One pretty major complaint, though-- an over-arching question of the book is who killed her adoptive parents and why is never answered outright. Plenty of theories are put forward and fingers are pointed, but it's never definitively answered. As far as I can tell, they planned on writing more and making it a series, but it got canceled for one reason or another. It's frustrating, but it's not really a deal-breaker for an otherwise very enjoyable story.
You can read the first 11 pages here, and read what Van Lente had planned for future volumes!

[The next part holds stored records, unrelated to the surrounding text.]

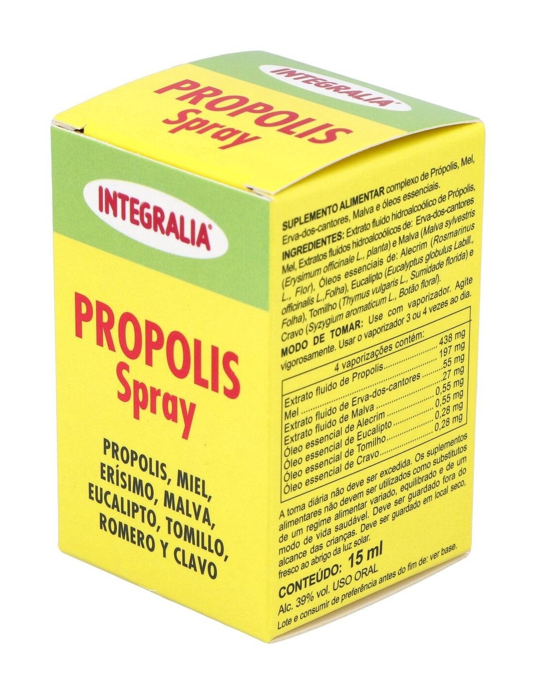 Este pulverizador de propóleo de la marca Integralia es una sustancia extraída de las abejas, que la obtienen de ciertos árboles. Ellas la utilizan para proteger las paredes de sus colmenas pero para los humanos supone un poderoso sistema de defensa. Se utiliza para ayudar a la prevención de resfriados, irritación y dolor de garganta, tos o afonía, entre otras afecciones. Asimismo se recomienda su uso en la cicatrización de heridas y aftas bucales.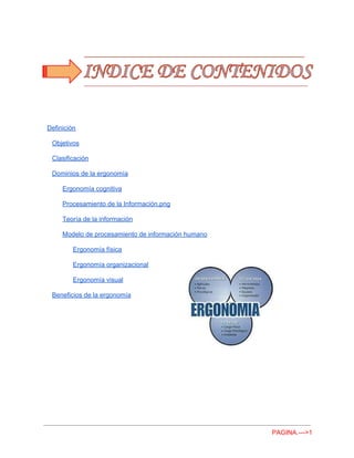 Este documento presenta una introducción a la ergonomía, definiéndola, clasificándola en diferentes dominios como la ergonomía cognitiva, física y organizacional, y describiendo brevemente cada uno. También destaca los beneficios de aplicar principios ergonómicos como mejorar la salud, seguridad y bienestar de los trabajadores.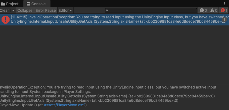 InvalidOperationException: You are trying to read Input using the UnityEngine.Input class, but you have switched active Input handling to Input System package in Player Settings. UnityEngine.Internal.InputUnsafeUtility.GetAxis~~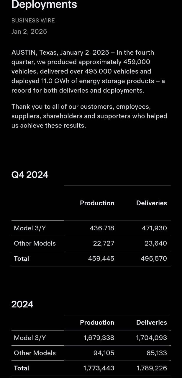 테슬라의 2024년 연간 차량 판매량은 179만 대로, 2023년의 180만 대와 시장 예상치에 미치지 못했다. 4분기 차량 인도량은 49만 5,570대로, 애널리스트 예상치인 51만 2,277대에 못 미쳤다.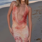 Discover the beautiful Women's Halter Dress – Satin-look – Slim Fit – Backless – Cowl Neck – Floral Print – Ankle-length from Jules Jij. This elegant, luxurious satin-look dress with a deep cowl neck and floral print perfectly accentuates your figure, ideal for evening and formal occasions. A fashionable statement piece.
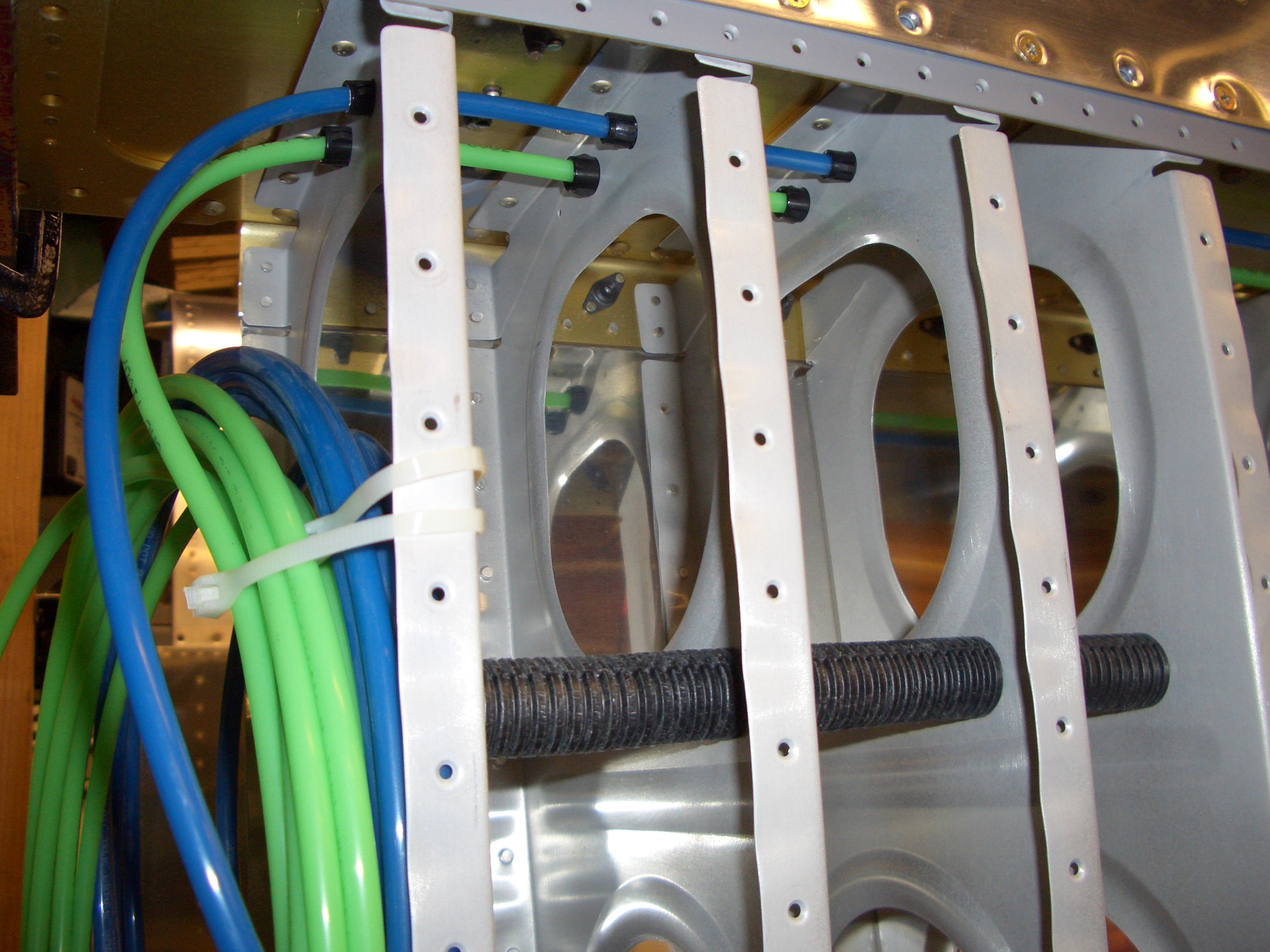 My 437-4 snap bushings showed up from Aircraft Spruce today, so I was able to install them and run the green pitot tubing through the right wing.

A young orphan's adopted parents are murdered, forcing her into a world of terrorists, spies, and superheroes, where she confronts her real mother--a terrorist super-scientist. It's all extremely hackneyed, but it's plagued by worse problems: the main character's powers make no sense, even though they try really hard to say some science-y things; she complains about her scandalous outfit* but she keeps wearing it when the action starts; she tells us early on that she has no fight training, but proceeds to beat up hundreds of villains, including a team of people just like her who are trained, and by the end of the book she's jumping a motorcycle onto the top of a moving train! If it was really amazing, maybe I could overlook all the silliness. But no, there's not really much here to recommend.
*The response is particularly hilarious: "it's bulletproof!" Except for your midsection, which is uncovered. I guess there's no reason it would need to be bulletproof. [Then before that issue is even over--yep, stabbed in the midsection, where there's no armor. I guess it's good your arms and lower jaw are bulletproof, though. As long as no one shoots your torso, you'll be fine.]
Although this starts from volume seven, it sums up those volumes quite nicely, so that you don't feel like you missed anything. Carmilla is a young woman who seeks to find out who she is. Not only that, but her troublesome power has caused her only grief, and as events happen she learns to accept them, and herself. She is bold, and thinks for herself, and makes a great dark heroine. The story is aimed at discovering her past, and her new place in the world, whether that be with A.I.M or S.H.I.E.L.D is up to her to decide.